Friday, February 16, 2007

U.S. detained abuse cases, human rights ignored

Rights group slams U.S. on Afghan record

NEW YORK, Feb. 16 (UPI) -- A U.S. human rights group Friday slammed the U.S. government on its record in Afghanistan.

"The United States has failed to adequately investigate and prosecute numerous cases of detainee abuse by U.S. personnel in Afghanistan," Human Rights Watch said.

Human Rights Watch cited numerous cases of alleged abuse and killings in Afghanistan implicating U.S. military and Central Intelligence Agency personnel, in which U.S. authorities have failed to hold suspected perpetrators responsible.
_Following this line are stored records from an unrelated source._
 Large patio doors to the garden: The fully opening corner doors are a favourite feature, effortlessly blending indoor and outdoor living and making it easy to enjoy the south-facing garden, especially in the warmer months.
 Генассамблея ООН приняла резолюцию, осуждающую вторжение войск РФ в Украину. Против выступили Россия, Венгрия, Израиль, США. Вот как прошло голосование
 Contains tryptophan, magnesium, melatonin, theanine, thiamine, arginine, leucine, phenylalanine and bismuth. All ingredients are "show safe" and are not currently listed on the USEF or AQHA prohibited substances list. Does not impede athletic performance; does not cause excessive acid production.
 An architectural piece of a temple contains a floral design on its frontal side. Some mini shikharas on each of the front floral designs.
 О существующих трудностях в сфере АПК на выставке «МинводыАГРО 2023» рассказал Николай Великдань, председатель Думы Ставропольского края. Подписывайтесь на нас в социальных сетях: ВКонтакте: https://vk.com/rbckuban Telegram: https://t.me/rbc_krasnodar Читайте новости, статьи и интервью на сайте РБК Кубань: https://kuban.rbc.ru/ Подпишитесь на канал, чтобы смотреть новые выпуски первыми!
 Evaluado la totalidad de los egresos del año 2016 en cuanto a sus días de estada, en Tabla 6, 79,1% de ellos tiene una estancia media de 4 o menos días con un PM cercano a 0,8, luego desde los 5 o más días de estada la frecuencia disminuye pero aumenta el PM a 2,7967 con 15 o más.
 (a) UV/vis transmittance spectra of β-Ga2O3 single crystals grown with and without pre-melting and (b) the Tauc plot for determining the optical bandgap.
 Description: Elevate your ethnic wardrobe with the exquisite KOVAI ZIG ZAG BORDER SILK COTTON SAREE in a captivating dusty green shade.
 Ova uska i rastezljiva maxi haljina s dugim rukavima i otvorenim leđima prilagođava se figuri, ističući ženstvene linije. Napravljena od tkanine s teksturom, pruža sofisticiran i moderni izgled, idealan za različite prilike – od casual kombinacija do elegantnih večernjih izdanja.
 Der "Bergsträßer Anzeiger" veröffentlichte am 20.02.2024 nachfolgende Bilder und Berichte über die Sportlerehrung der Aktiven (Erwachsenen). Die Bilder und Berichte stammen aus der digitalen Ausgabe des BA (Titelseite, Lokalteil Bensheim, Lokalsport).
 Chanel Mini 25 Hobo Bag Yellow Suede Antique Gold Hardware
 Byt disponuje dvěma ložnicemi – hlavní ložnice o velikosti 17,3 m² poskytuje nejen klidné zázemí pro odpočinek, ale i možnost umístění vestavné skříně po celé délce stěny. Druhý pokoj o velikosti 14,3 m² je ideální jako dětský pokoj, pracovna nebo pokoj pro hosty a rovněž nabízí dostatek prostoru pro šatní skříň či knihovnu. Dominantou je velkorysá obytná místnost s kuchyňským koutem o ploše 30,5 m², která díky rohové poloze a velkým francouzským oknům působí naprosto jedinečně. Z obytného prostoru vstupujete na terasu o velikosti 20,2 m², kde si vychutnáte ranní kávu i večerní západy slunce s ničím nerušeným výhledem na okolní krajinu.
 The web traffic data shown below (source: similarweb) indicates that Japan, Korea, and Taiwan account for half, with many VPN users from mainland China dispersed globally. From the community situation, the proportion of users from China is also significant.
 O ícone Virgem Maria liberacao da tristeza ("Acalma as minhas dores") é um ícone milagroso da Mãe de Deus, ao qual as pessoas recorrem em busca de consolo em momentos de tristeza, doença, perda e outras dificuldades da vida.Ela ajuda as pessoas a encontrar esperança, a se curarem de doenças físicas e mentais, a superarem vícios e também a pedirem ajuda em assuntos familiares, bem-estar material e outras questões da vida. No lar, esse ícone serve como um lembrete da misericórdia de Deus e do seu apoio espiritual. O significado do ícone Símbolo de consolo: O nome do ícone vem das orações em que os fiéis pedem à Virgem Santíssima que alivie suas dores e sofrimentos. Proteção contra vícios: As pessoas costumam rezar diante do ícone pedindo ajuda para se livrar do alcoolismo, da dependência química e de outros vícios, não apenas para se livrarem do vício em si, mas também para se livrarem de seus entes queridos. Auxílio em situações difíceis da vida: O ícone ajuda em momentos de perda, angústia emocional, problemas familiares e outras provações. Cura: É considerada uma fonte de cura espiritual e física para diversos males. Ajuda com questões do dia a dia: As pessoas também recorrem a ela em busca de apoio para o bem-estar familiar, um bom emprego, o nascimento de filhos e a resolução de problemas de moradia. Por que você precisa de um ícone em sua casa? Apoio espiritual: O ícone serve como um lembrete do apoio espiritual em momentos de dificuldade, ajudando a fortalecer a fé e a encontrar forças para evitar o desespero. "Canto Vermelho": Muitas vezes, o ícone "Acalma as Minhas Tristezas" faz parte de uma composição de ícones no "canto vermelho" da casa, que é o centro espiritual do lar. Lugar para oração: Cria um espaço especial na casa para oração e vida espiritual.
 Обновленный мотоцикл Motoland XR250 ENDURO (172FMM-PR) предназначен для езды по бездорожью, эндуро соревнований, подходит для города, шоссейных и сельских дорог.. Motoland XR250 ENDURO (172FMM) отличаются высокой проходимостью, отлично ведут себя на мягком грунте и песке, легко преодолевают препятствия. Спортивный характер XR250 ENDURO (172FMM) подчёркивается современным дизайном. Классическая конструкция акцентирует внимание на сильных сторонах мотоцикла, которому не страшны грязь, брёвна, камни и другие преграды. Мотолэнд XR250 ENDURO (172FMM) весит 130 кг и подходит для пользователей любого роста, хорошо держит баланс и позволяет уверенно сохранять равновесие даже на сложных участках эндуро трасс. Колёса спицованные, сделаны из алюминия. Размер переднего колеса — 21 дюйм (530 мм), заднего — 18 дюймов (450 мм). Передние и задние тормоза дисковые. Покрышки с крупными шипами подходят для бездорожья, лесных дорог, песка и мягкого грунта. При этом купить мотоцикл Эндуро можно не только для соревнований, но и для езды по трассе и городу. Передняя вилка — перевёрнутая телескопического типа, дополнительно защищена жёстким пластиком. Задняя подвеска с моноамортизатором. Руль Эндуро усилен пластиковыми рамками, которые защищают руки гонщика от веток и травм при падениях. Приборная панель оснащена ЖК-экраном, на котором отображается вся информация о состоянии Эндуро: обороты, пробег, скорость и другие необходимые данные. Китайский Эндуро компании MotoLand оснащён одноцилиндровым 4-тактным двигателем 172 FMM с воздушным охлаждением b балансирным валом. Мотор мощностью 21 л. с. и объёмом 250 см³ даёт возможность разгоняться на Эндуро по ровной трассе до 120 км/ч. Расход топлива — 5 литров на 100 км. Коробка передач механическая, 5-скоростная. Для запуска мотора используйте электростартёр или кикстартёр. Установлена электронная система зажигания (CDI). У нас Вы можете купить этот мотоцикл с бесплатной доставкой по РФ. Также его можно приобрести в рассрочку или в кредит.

Human Rights Watch said the U.S. military had yet to probe satisfactorily many instances "of abuse implicating military personnel, including several killings of detainees in Afghanistan in 2002 and 2003. Nor has the military sought to prosecute senior officers on the grounds of command responsibility for failing to stop abuses that they knew or should have known were occurring."

"The failure of accountability in Afghanistan is notable because a military unit involved in interrogations in Afghanistan in 2002 -- the Army's 519th Military Intelligence Battalion -- was later sent to Iraq and implicated in infamous abuses that took place at Abu Ghraib prison," HRW said.

Human Rights Watch also had harsh words for the U.S. Department of Justice. The DOJ, the group said, had not probed "whether civilian leadership in the CIA and military committed crimes by authorizing abusive interrogations in Afghanistan."

HRW cited one of its earlier reports as documenting "how authorizations for abuse likely spread from Afghanistan to Iraq, after the United States invaded in 2003."

"The failure to investigate senior U.S. officials for their role in authorizing detainee abuse is not for lack of evidence but for lack of political will," said Sam Zarifi, Human Rights Watch's Asia research director. "Only an independent prosecutor can mount credible investigations into detainee abuse issues, and Congress should press the administration to appoint one."